The anti-slavery forces in the USA were influenced by William Wilberforce (1759–1833), who tirelessly fought for 50 years against slavery in Britain, basing his opposition on Biblical morality. Wilberforce realized that the Dominion Mandate of Genesis 1:28 did NOT extend to fellow humans. He also understood that 1 Tim. 1:10 lists ‘slave traders’ (ανδραποδιστής andrapodistēs) with murderers, adulterers, perverts, liars and other evil people. Paul also encouraged Philemon to free his escaped slave Onesimus (Philemon 16), and ordered masters to treat their slaves in the ‘same way’ as they were treated, and not to threaten them (Eph. 6:9). Such practice would see the end of slavery.

Wilberforce in turn had been influenced by the preaching of John Newton (1725–1807), who wrote the famous hymn Amazing Grace. Newton in his earlier days had been a slave trader himself before his conversion to Christ. After conversion he first insisted that slaves were treated humanely, then came to see that since the slaves were also created in the image of God, the slave trade was wrong regardless. He left the trade, became friends with the great evangelists George Whitfield and the Wesleys, became a minister, and testified to King George III about the atrocities of the slave trade.

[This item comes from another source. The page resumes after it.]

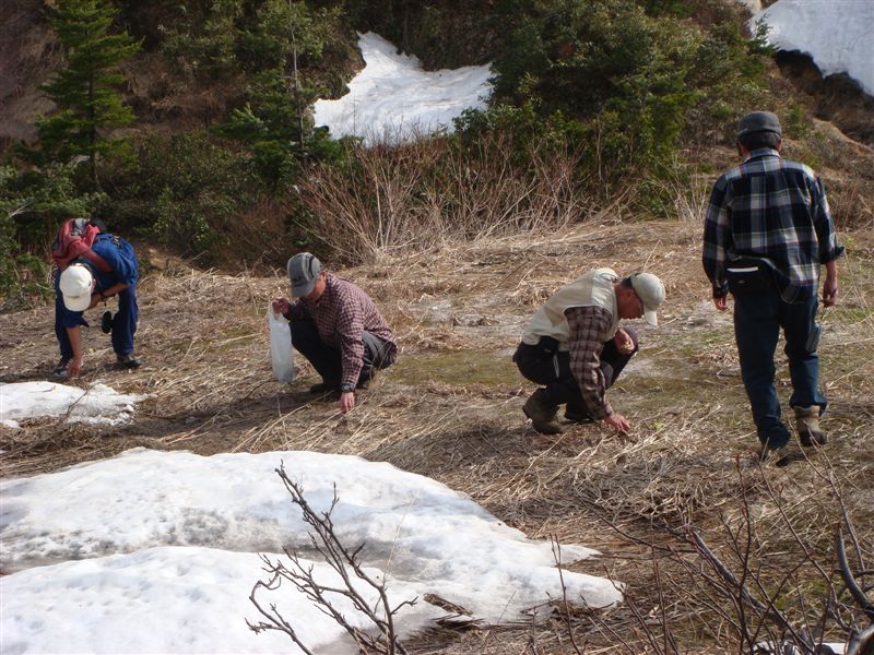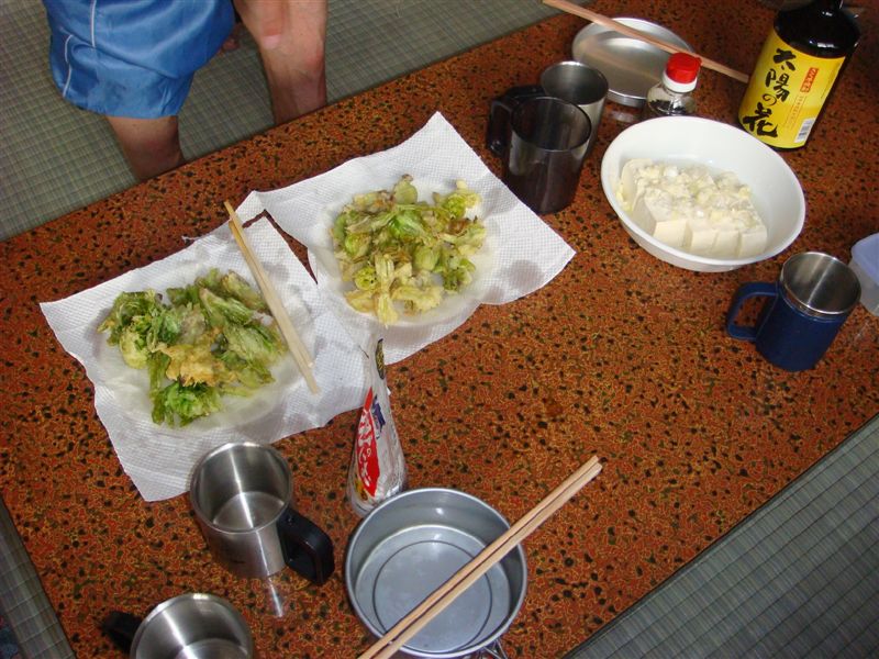 まだ雪が沢山残っていましたがふきのとうを摘み取り自炊場で天ぷらにして食べました。取立てで香もよく美味しい天ぷらが出来ました。

Another prominent anti-slavery activist in Britain was Granville Sharp (1735–1813), who was most responsible for a law that a slave became free from the moment he set foot on English territory, and founded a society for the abolition of slavery. He was also a joint founder of the British and Foreign Bible Society and the Society for the Conversion of the Jews. A noted Greek scholar, he published a detailed and accurate study, discovering a rule of grammar that’s accepted by the majority of Bible translators today and now bears his name. But the existing English translations had overlooked this rule, thus, as he pointed out, they obscured the deity of Christ in places like Titus 2:13 and 2 Peter 1:1, which should say ‘our (great) God and Savior Jesus Christ’. (See also this collection of Christian anti-slavery articles from history.)

Because of their tireless efforts, Britain not only abolished slavery, but used her gunboats to enforce the ban—i.e. she imposed her morality on others!

In America, there were also powerful Christian voices against slavery — see the many articles in this archive (off site).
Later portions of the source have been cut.